If you are asking whether you can call CUBLAS from inside a kernel, then the answer is no.

It might sound restrictive, but it doesn’t necessarily have to be. My approach to this has been to use the host to coordinate the main stages of a given algorithm, with each stage being a separate kernel or CUBLAS call, while keeping as much data on the GPU as possible to minimize PCI-e bus overheads. If your algorithm needs intermediate data from the device inside the host loop, you can do things like queue kernels, overlap copying with kernel execution, use zero copy memory access (if your GPU supports it) and perform host side operations in parallel with the GPU to help hide PCI-e bus latency and bandwidth limitations.

There are a couple of good papers (one on Lapack style dense matrix factorization by V.Volkov from UC Berkley and one from M.Fatica from NVIDIA on LINPACK benchmark acceleration) which show how effective this process can be.

I am trying to do lots of least squares estimates of the regression parameters in parallel.
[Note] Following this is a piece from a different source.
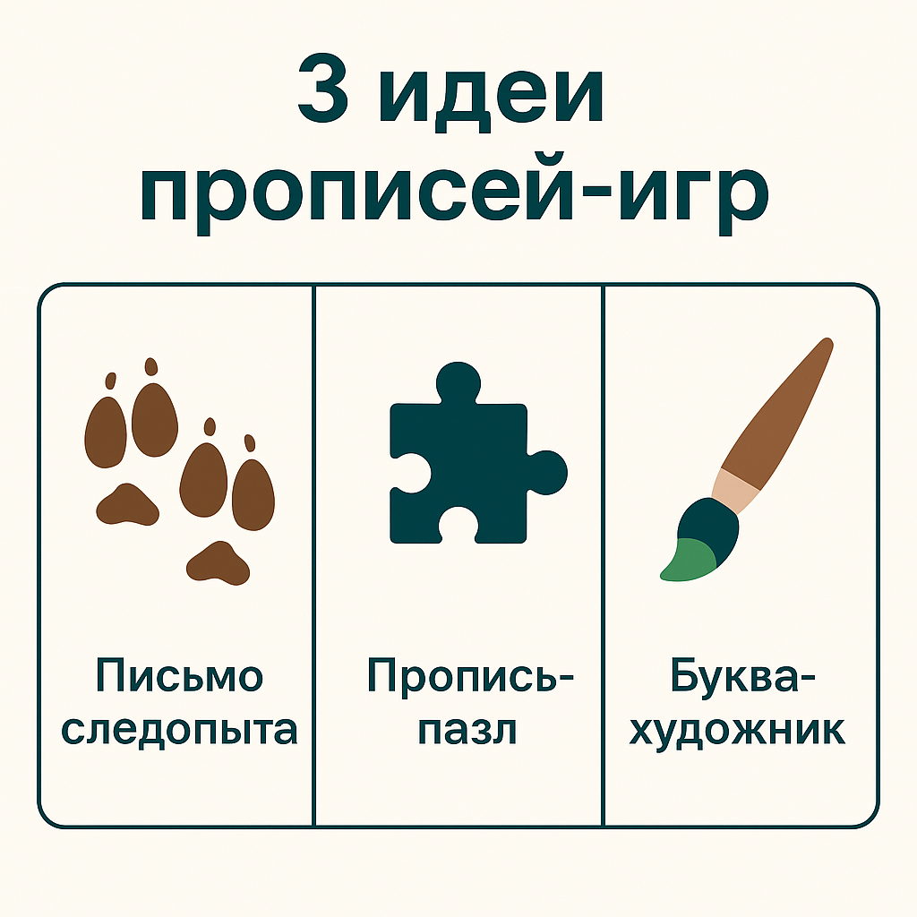 Многие дети не любят прописи — скучно, долго и «нельзя ошибаться». Но если превратить письмо в игру, всё меняется: рука тренируется, внимание растёт, а ребёнок с радостью садится за тетрадь. Почему игровые прописи работают: – ребёнок не боится ошибиться — это часть игры; – появляется интерес: каждое задание превращается в квест; – развивается не только почерк, но и внимание, память, логика. 3 примера прописей-игр: «Письмо следопыта» Нужно обвести следы животных — линии, петли, завитки. После этого появляется картинка. «Пропись-пазл» Каждая строка — часть рисунка. Когда все буквы написаны, открывается целая картинка. «Буква-художник» Дети украшают буквы узорами и цветом — тренируют руку и фантазию. Онлайн-занятия делают прописи интереснее: – педагог показывает задания на экране, а ребёнок пишет у себя; – за правильное выполнение ребёнок получает виртуальные «медали»; – можно менять уровень сложности — от простых линий до сложных букв. Вывод: прописи-игры помогают детям писать ак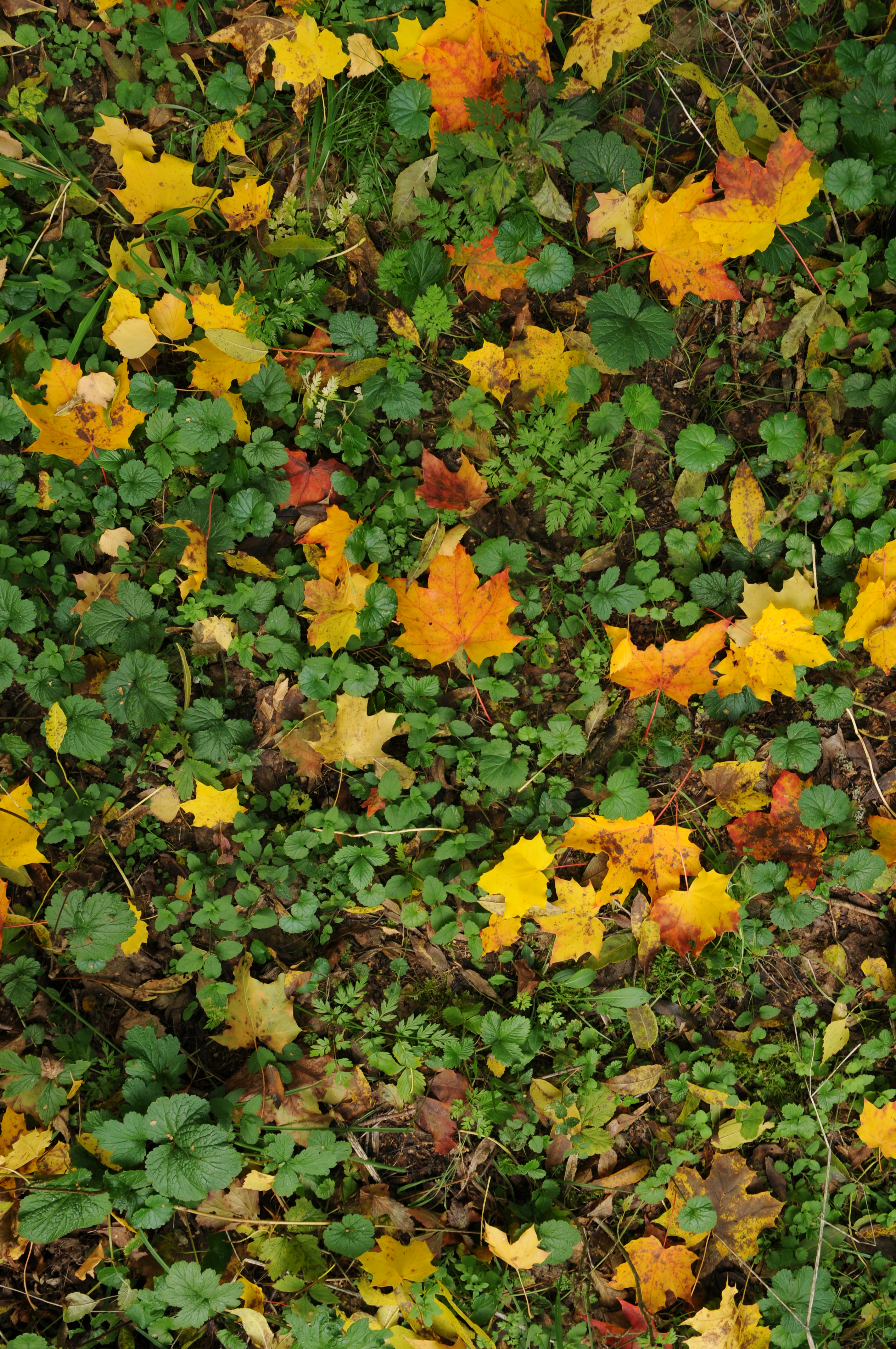 - Beskrivning: Höstlöv av lönn på marken, Ekopark Ridö Sundbyholmarkipelagen

In this case if I make use of CUBLAS for the estimation, then I could only do the estimations one by one. Any thought?

It isn’t going to be easy to do that sort of task parallelism with CUDA, it really is a data parallel computing model. What are the problem sizes?

As an aside, I would imagine you could formulate and solve many least squares problems as a single large system of linear equations, but it would probably be much better done using sparse matrices with an iterative solver of some sort, rather than an explicit factorization with dense matrices. Which means you probably don’t want use CUBLAS in the first place…